Mixture-of-Experts Hindi Language Model (Base-1)

This is a Hindi language model that uses a Mixture-of-Experts (MoE) architecture. The model was trained on a Hindi text corpus.

Model Details

Model Type: Causal Language Model with Mixture-of-Experts
Language: Hindi
License: MIT
Training Data: Hindi corpus
Model Size: ~1.8GB
Training Steps: 7000
Format: SafeTensors

Usage

This model uses a custom implementation and is not directly compatible with Hugging Face's AutoModelForCausalLM and AutoTokenizer. The simplest way to use it is with the provided generate.py script:

# Install safetensors if you don't have it
pip install safetensors

# Run the script with your Hindi text prompt
python generate.py "आज का दिन बहुत अच्छा है"
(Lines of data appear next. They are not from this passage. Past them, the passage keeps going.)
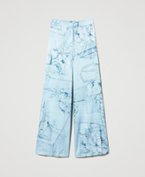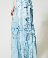 Actitude collection cargo trousers made hammered satin with denim-like print, side pockets and ribbons with metal tips.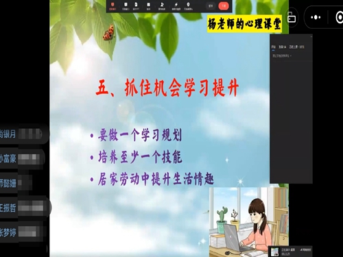 学校心理健康老师杨莹,给全校一千多名学生上了抗疫心理第一课——《为心灵穿上“防护服”》。虽是线上直播课,但吸引了全校学生的认真聆听。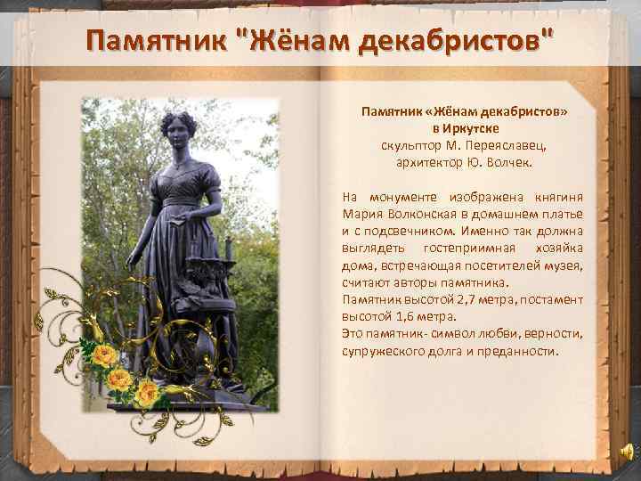 Памятник "Жёнам декабристов" Памятник «Жёнам декабристов» в Иркутске скульптор М. Переяславец, архитектор Ю. Волчек. На монументе изображена княгиня Мария Волконская в домашнем платье и с подсвечником. Именно так должна выглядеть гостеприимная хозяйка дома, встречающая посетителей музея, считают авторы памятника. Памятник высотой 2, 7 метра, постамент высотой 1, 6 метра. Это памятник- символ любви, верности, супружеского долга и преданности.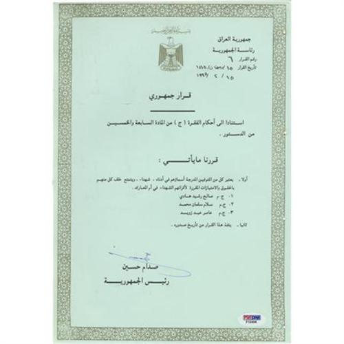 <B>1990 Sadam Hussein Signed Document.</B></I> In Arabic, one page, 8.5 x 12, 1990. An untranslated typed document bearing a printed eagle with shield device at top in gold ink, and gold ink decorative border, and signed in black ink at lower left. File holes to right margin, otherwise very fine condition. PSA/DNA COA. <BR><BR><b>Shipping:</b> Flat Material, Small (<a target="_blank" href="http://www.heritageauctions.com/common/shipping.php">view shipping information</a>)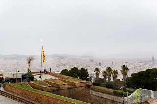 Na mieście cieplej niż wczoraj, ale niestety kropił deszcz. Najpierw metrem pojechaliśmy do kolejki (podobnej jak na Gubałówce), która zabrała nas do kolejki linowej prowadzącej na wzgórze Montjuic. Panorama miasta dość zamglona, ale strzelista Sagrada wyróżniała się wśród masy zwykłych budynków.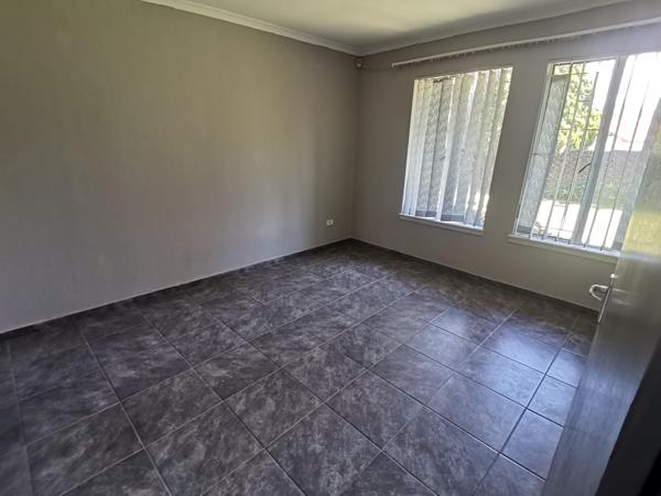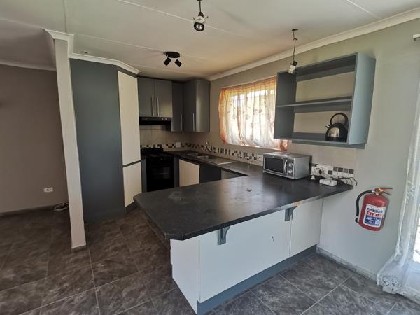 Ready to move in, freshly painted and tiled house with 3 bedrooms, 2.5 bathrooms, an open-plan living area and double garage. The property includes a motorized gate, alarm system, razor-wire fencing, and a builtin braai. Prepaid electricity metre. Deposit of R10,500 required.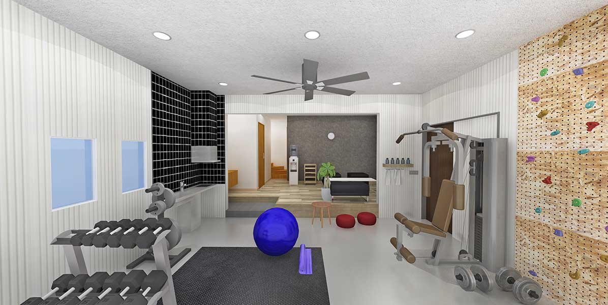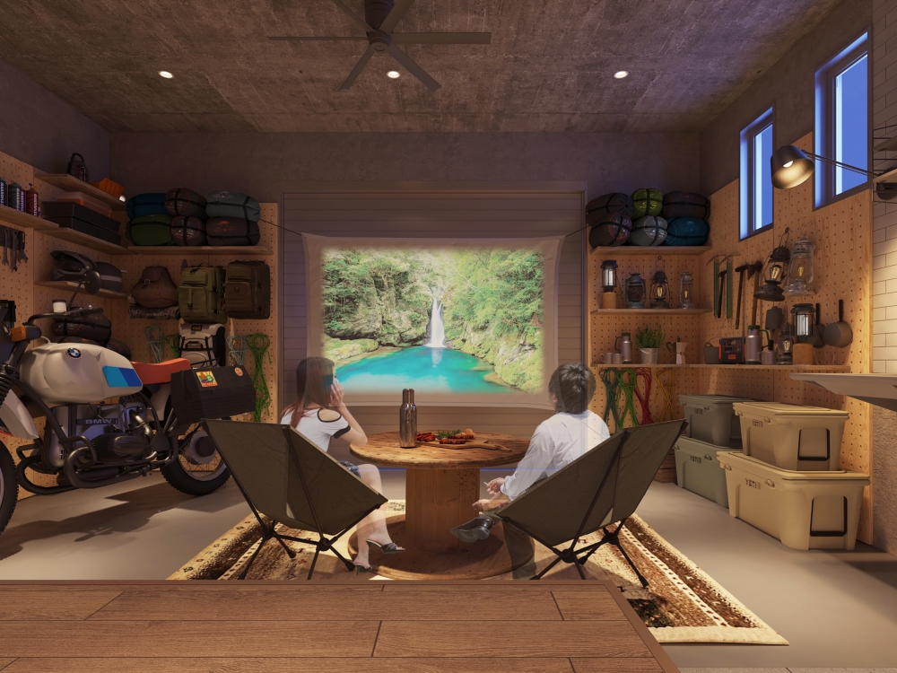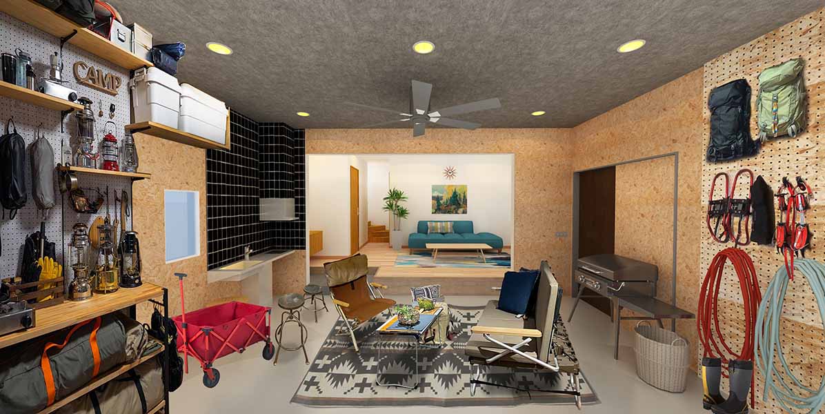 「ソファやテーブルなどを置いて友人や恋人などと談笑できるほか、便利なミニキッチン付きなので、雨が降っている日にガレージキャンプも楽しめます。空気が通りやすいので、大切なアウトドア用品の保管にも便利です。筋トレが好きな方には、自分だけのトレーニングジムをつくっても楽しいと思います」(飯塚さん)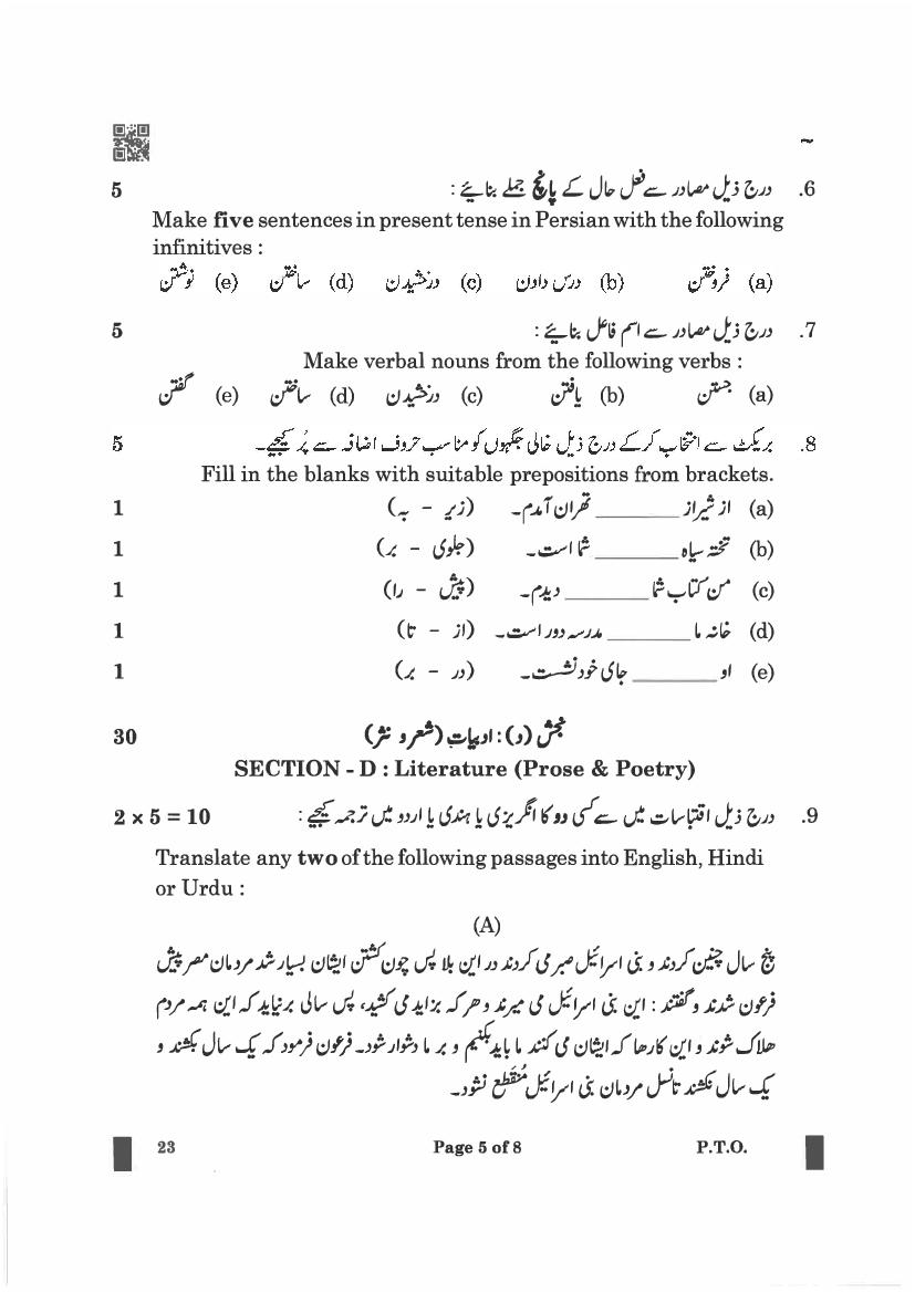 | Study Material Here | CBSE Class 12 Persian Previous Year Question Paper |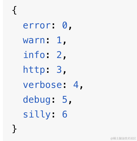 再就是日志级别,winston 有 6 种级别的日志: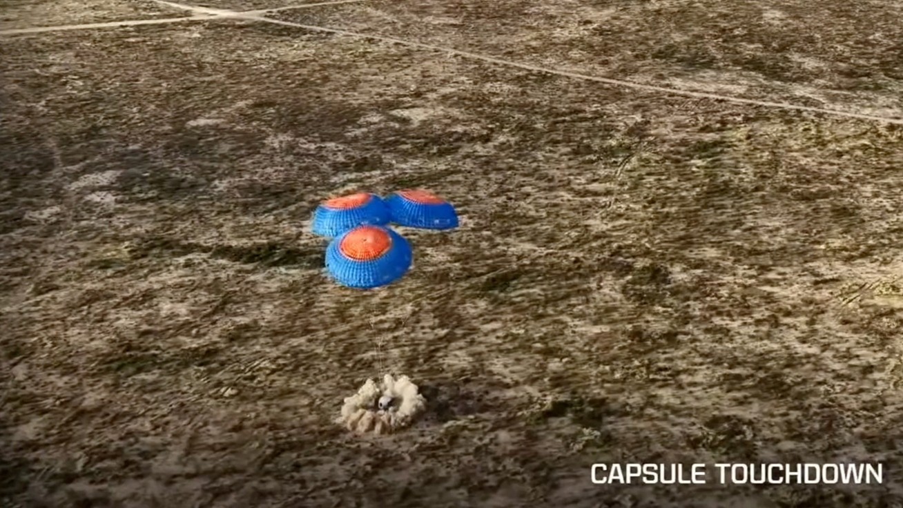 Khoang tàu vũ trụ New Shepard trong sứ mệnh NS-36 của Blue Origin hạ cánh xuống sa mạc Tây Texas, đưa sáu du khách vũ trụ trở lại Trái Đất vào ngày 8/10/2025. Ảnh: Blue Origin

For more advanced usage, you can integrate the model into your own code:

# Import the required modules
import os
from hindi_embeddings import SentencePieceTokenizerWrapper
from convaicausallm_model_with_moe_rope import ConvaiCausalLMConfig, ConvaiCausalLM
import torch
import json
from safetensors.torch import load_file

# Load the config
with open("config.json", "r") as f:
    config_dict = json.load(f)
    
config = ConvaiCausalLMConfig(**config_dict)

# Load the tokenizer
tokenizer = SentencePieceTokenizerWrapper("tokenizer.model")

# Load the model (supports both SafeTensors and PyTorch formats)
model = ConvaiCausalLM(config)

# Check which format is available and load accordingly
if os.path.exists("model.safetensors"):
    model.load_state_dict(load_file("model.safetensors"))
else:
    model.load_state_dict(torch.load("pytorch_model.bin", map_location="cpu"))

model.eval()

# Generate text
prompt = "आज का दिन बहुत अच्छा है"
input_ids = tokenizer.sp_model.EncodeAsIds(prompt)
input_tensor = torch.tensor([input_ids], dtype=torch.long)

with torch.no_grad():
    output_ids = model.generate(
        input_ids=input_tensor,
        max_length=50,
        temperature=0.7,
        top_k=10,
        top_p=0.9,
        do_sample=True
    )

# Print the generated text
generated_text = tokenizer.sp_model.DecodeIds(output_ids[0].tolist())
print(generated_text)

Generation Parameters

For best results with this model, we recommend:

temperature: 0.2-0.7 (lower is more conservative)
top_k: 5-10 (lower gives more predictable outputs)
top_p: 0.85-0.92
max_length: 50-100 tokens
repetition_penalty: 1.1-1.2 (helps prevent repetition)

Model Architecture

The model features:

Mixture-of-Experts (MoE) layers
RoPE (Rotary Position Embeddings)
Grouped Query Attention (GQA)

Limitations

This is an early experimental version of the model with limited training steps. It may not generate fluent or coherent Hindi text yet. The model hasn't been fully trained (only 7000 steps), so expect the quality to be limited.

Files Included

model.safetensors: The model weights in SafeTensors format
config.json: Model configuration
tokenizer.model: SentencePiece tokenizer model
hindi_embeddings.py: Tokenizer implementation
convaicausallm_model_with_moe_rope.py: Model implementation
generate.py: Example inference script

Training

Training was performed using a custom PyTorch implementation with mixed precision and data parallelism.

Citation

If you use this model, please cite:

@misc{convaiinnovations2025hindi,
  author = {ConvAI Innovations},
  title = {Mixture-of-Experts Hindi Language Model},
  year = {2025},
  publisher = {HuggingFace},
  howpublished = {https://huggingface.co/convaiinnovations/moe-hindi-fm-base-1}
}